Next, create density and box plots for the GEDI L4A datasets using the seaborn library for density plots and matplotlib for box plots.

In [None]:
# Create a figure with 1 row and 2 columns
plt.figure(figsize=(14, 6))

# Histogram
plt.subplot(1, 2, 1)
plt.hist(agbd_values, bins=20, range=[20, 500], color='blue', edgecolor='black')
plt.xlabel('AGBD (Mg/ha)')
plt.ylabel('Frequency')
plt.title('Histogram of AGBD Values')

# Boxplot
plt.subplot(1, 2, 2)
sns.boxplot(x=agbd_values, color='blue')
plt.xlabel('AGBD (Mg/ha)')
plt.title('Boxplot of AGBD Values')

# Display both plots
plt.tight_layout()
plt.show()

### Data cleaning

Next, we will filter the data points to retain aboveground biomass density (AGBD) values within 0 to 90 megagrams per hectare (Mg/ha).

In [None]:
# Filter the training points by range (0 Mg/ha to 100 Mg/ha)
filteredPoints = points.filter(
    ee.Filter.And(
        ee.Filter.gte('agbd', 0),
        ee.Filter.lte('agbd', 90)
    )
)

# Print and display the training (ta) points derived from the GEDI L4B dataset
print(filteredPoints.size().getInfo())
print(filteredPoints.first().getInfo())

# Display the GEDI L4A mean above-ground biomass (AGB) points and the derived training points
# Initialize the map
map5 = geemap.Map()
map5.centerObject(boundary, 12)
map5.addLayer(filteredPoints, {'color': '808080'}, 'Mean fitered AGBD training points')
# Display the map
display(map5)

In [None]:
# Get the AGDB values from the 'agbd' property of the filtered points
agbd_values = filteredPoints.aggregate_array('agbd').getInfo()

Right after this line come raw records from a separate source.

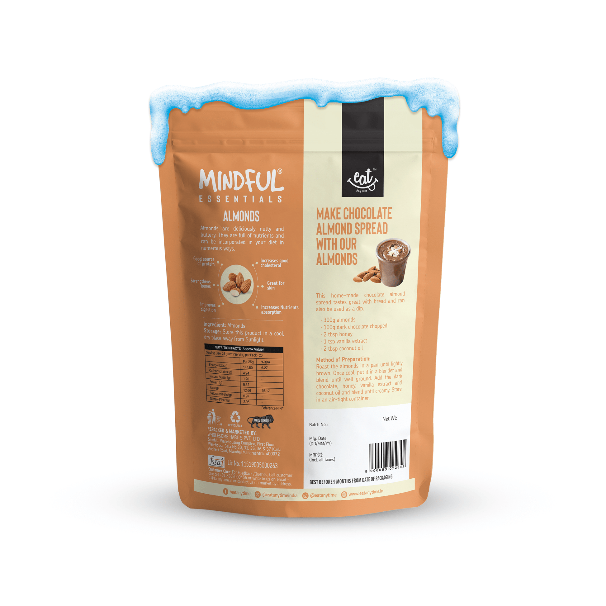 Oh, and did we mention, we're all about keeping it green? Our love for sustainability goes beyond just our almonds. We're talking about responsible farming and packaging that's kind to our planet, because hey, we've got to keep this Earth happy for generations to come. So, when you choose Eat Anytime Californian Almonds, you're not just snacking, you're making a chill, eco-friendly choice for a happier, healthier you.
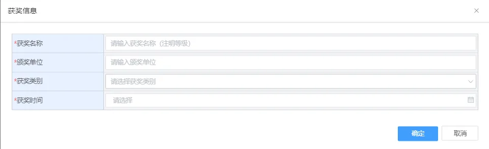 获奖信息模块中点击【新增】按钮,弹出获奖信息页面,页面如下:
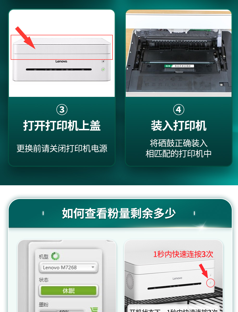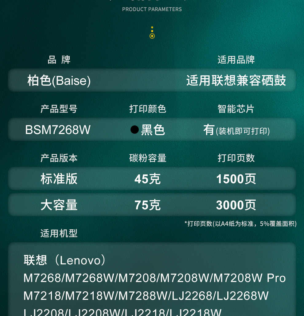 柏色小新M7268W墨盒適用聯(lián)想打印機(jī)m7268w墨粉Lenovo硒鼓多功能一體機(jī)2268w墨粉 【3000頁(yè)】聯(lián)想M7268W專用碳粉 1瓶裝
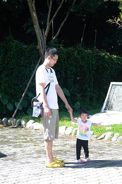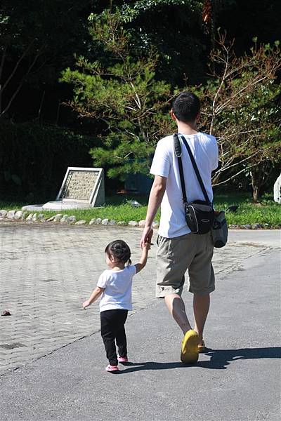爸爸牽著蘋果四處逛逛,
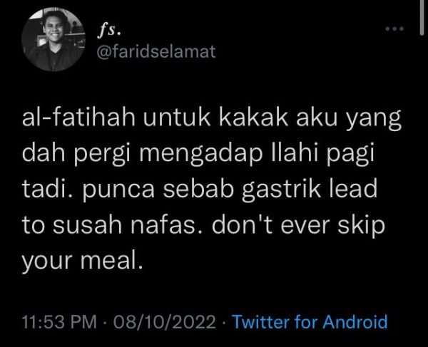 近日,一名网民@faridselamat在其社交媒体撰文分享表示,姐姐经常没吃正餐,引发胃炎而导致呼吸困难,最后丧失性命。

# Calculate summary statistics
mean_agbd = np.mean(agbd_values)
median_agbd = np.median(agbd_values)
std_agbd = np.std(agbd_values)
min_agbd = np.min(agbd_values)
max_agbd = np.max(agbd_values)

# Print the summary statistics
print("Mean AGBD:", mean_agbd)
print("Median AGBD:", median_agbd)
print("Standard Deviation AGBD:", std_agbd)
print("Minimum AGBD:", min_agbd)
print("Maximum AGBD:", max_agbd)

# Print and display the training (ta) points derived from the GEDI L4B dataset
print(points.size().getInfo())
print(points.first().getInfo())

# Create a figure with 1 row and 2 columns
plt.figure(figsize=(14, 6))

# Create a figure with 1 row and 2 columns
plt.figure(figsize=(14, 6))

# Histogram
plt.subplot(1, 2, 1)
plt.hist(agbd_values, bins=20, range=[20, 500], color='blue', edgecolor='black')
plt.xlabel('AGBD (Mg/ha)')
plt.ylabel('Frequency')
plt.title('Histogram of AGBD Values')

# Boxplot
plt.subplot(1, 2, 2)
sns.boxplot(x=agbd_values, color='blue')
plt.xlabel('AGBD (Mg/ha)')
plt.title('Boxplot of AGBD Values')

# Display both plots
plt.tight_layout()
plt.show()

## Sampling training data in Google Earth Engine
We will select specific bands from the 'clippedmergedCollection' and then sample the values (spectral reflectance values) at the locations of the 'trainingData' points.


In [None]:
# Select specific bands or variables from the 'clippedmergedCollection'
predictor_vars = ['B2', 'B3', 'B4', 'B5', 'B6', 'B7', 'B8', 'B11', 'B12', 'NDVI', 'SAVI', 'RESI']
# Sample the values at the locations of the 'trainingData' points.
trainingData = clippedmergedCollection.select(predictor_vars).sampleRegions(**{
    'collection': filteredPoints,  # The 'trainingData' is the FeatureCollection containing training points.
    'properties': ['agbd'],  # The property 'agbd' is used as the label for the training points.
    'scale': 50  # The scale (resolution) at which the sampling is performed (in meters).
})

## Export imagery and training data to Google Drive
Next, we will export the imagery and training data to your Google Drive since we want to use machine learning algorithms available in Scikit Learn.

In [None]:
# Export the training data to Google Drive
task = ee.batch.Export.image.toDrive(**{
    'image': clippedmergedCollection,
    'description': 'S2_predictors_2022',
    'folder': 'Maf_datasets',
    'fileNamePrefix': 'S2_predictors_2022',
    'region': boundary.geometry().bounds().getInfo()['coordinates'],
    'scale': 20,
    'fileFormat': 'GeoTIFF'
})

task.start()

# Export the training data to Google Drive
task = ee.batch.Export.table.toDrive(**{
    'collection': trainingData,
    'description': 'TA_AGDD_GEDI_L4A_2022',
    'folder': 'Maf_datasets',
    'fileFormat': 'CSV'
})

task.start()

print("Exporting the training data to Google Drive. This may take a while...")